By explicit decision, we are here addressing the engineering sense of "quality" as the meeting of requirements. For this reason, identifying requirements *for a particular intended usage* and finding corresponding evaluation criteria, as well as supporting metrics and methods and tools, is supposed too be much of the focus. This should includes acknowledgement that only some such will be findable. The observations & requirements are supposed to include discussion of needed work in these areas.
We don't know
> > what are the "activities that need to occur during the phases of a life
> > cycle of an ontology", so to go on record with a detailed, confidently
> > stated account which claims to be normative, is both inappropriate and harmful.
Indeed, we discuss certain major activities and how evaluation against requirements can improve their effectiveness, (along with consequent dependence on other activities). We don't want to or try to recommend a single life cycle, but I increasingly think that all text to that effect is unable to counter the many expectations that many readers, (especially those with lots of experience with older, less order-flexible, more unidirectional life cyle models) attach to the life cycle notion and talk of phases or stages. I suspect that this is disorganizing the document rather than organizing it.
>
> I also believe that the technology is developing so rapidly that the
> "best practices" of today are likely to be obsolete in 5 to 10 years.
Yes, as I responded to Pat, this phrase keeps getting removed in one place and popping back up in another. It is misleading, IMHO.
>
> > "Does the ontology follow best practices; in particular does it implement
> > the upper ontology...." Whoa. Is it "best practice" to even HAVE an upper ontology?
> > That is not clear. Most Web ontologies, for example, are not subsumed under any
> > particular upper ontology. If our communique starts being used to justify managers
> > asking ontologists to conform to an upper ontology, we will have done far more harm than good.

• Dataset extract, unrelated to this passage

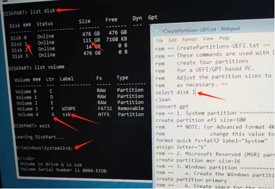 然后直接输入UpdateImage.bat回车,将打开的CreatePartitions-UEFI.txt内的DiskId修改为emmc对应的磁盘序号,也就是前面说的1,修改完成后保存,然后关闭这个文件,等待脚本运行完毕.

> This is a very important point. Even more important is the question
> "What do you mean by an upper ontology?"
>
> For an "integrating ontology" that is designed to enforce a standard,
> a detailed upper ontology may be essential.
>
> But for an ontology that is intended to support interoperability with
> legacy systems, an upper ontology that it too detailed may actually
> *block* interoperability.
Indeed, this is a point well-discussed during the summit. The use of an upper ontology, if any, is generally a architecture and design decision. *If* such use is identified as a requirement, for a partular ontology usage, *then* ontologies intended for that usage should be evaluated against that requirement. If it is not a requiement, it shouldn't come into play. It is an example here of evalating against identified requirements. That is obviosly not communicated to those not part of summit discussions.
> > we read the almost plaintive remark "Generally, appreciation of the full
> > life cycle of an ontology is not well established within the ontology community."

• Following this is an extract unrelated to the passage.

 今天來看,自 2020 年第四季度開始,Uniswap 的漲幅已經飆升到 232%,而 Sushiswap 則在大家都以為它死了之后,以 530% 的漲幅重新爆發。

> > Damn right. In other words, none of this is based in actual reality. It is
> > written as though it comprised observations about the right way to work,
> > but in fact, it is not based on observations about how the work is ACTUALLY done.

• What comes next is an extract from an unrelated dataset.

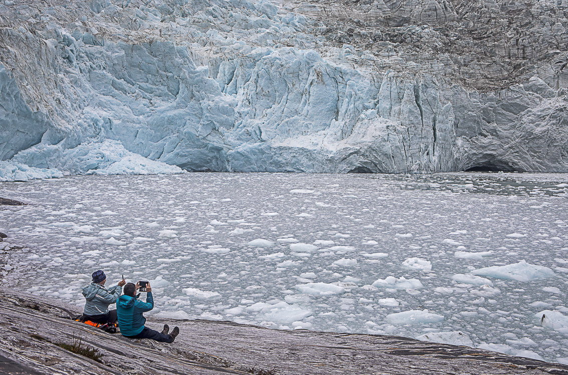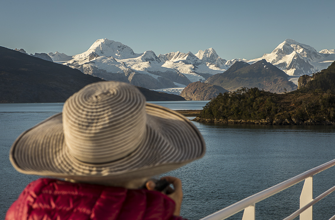 Al caer la noche navegamos alrededor del extremo occidental de Tierra del Fuego y entramos en el Canal Ballenero, nombre dado por el capitán Robert Fitz Roy, en honor a su embarcación ballenera que fue sustraída por los habitantes autóctonos y nunca fue recuperada. Con el amanecer el barco enfila las aguas heladas del Canal Beagle, tornándose la navegación cada vez más complicada a medida que transcurre la jornada. Desde la ventana de mi cabina observo un paisaje de una belleza sobrecogedora, donde un manto de nieve cubre las montañas que perfilan el Fiordo Pía. Salgo corriendo a la cubierta para ver mejor el espectáculo. El barco transita por un territorio remoto surcando unas aguas cubiertas de hielo que cada vez se torna más abundante. Sin previo aviso, de repente, el majestuoso glaciar Pía aparece ante mis ojos, es una de las sorpresas más placenteras del viaje. Su imagen es increíble, forma un muro de hielo sobre el mar con más de 100 metros de altura, hecho que no evidencia que cada año retroceda 10 metros. Aquí tiene lugar un desembarco espectacular, donde la zodiac transita frente a la monumental pared del glaciar. Al pisar tierra es todo un placer disfrutar de una serena contemplación del glacial y de los diferentes azules que emite debido a la reflexión y refracción de la luz en su masa helada. También agrada ver como se van sucediendo los desprendimientos de hielo del glaciar, desde un mirador hasta el que se llega después de una corta caminata muy angosta, donde también hay una vista impresionante del fiordo.

The "in other words" is not fair, since both this observation and the recommendations regarding what works are, in fact, based on combined experience. But we are not making either the points or the grounding clear to an outside audience, and that matters very much.
> I'll admit that there are some cases where certain techniques were
> actually implemented and found to be useful. But it's not clear how
> far those techniques can be generalized.
This, too -- the need for better understanding of how particular techniques, eval criteria, metrics, etc., are related to particular usages -- is meant to be an explicit point. It seems too have wandered too far out of focus.
> > You might start with CYC, the granddaddy of all large-scale ontologies.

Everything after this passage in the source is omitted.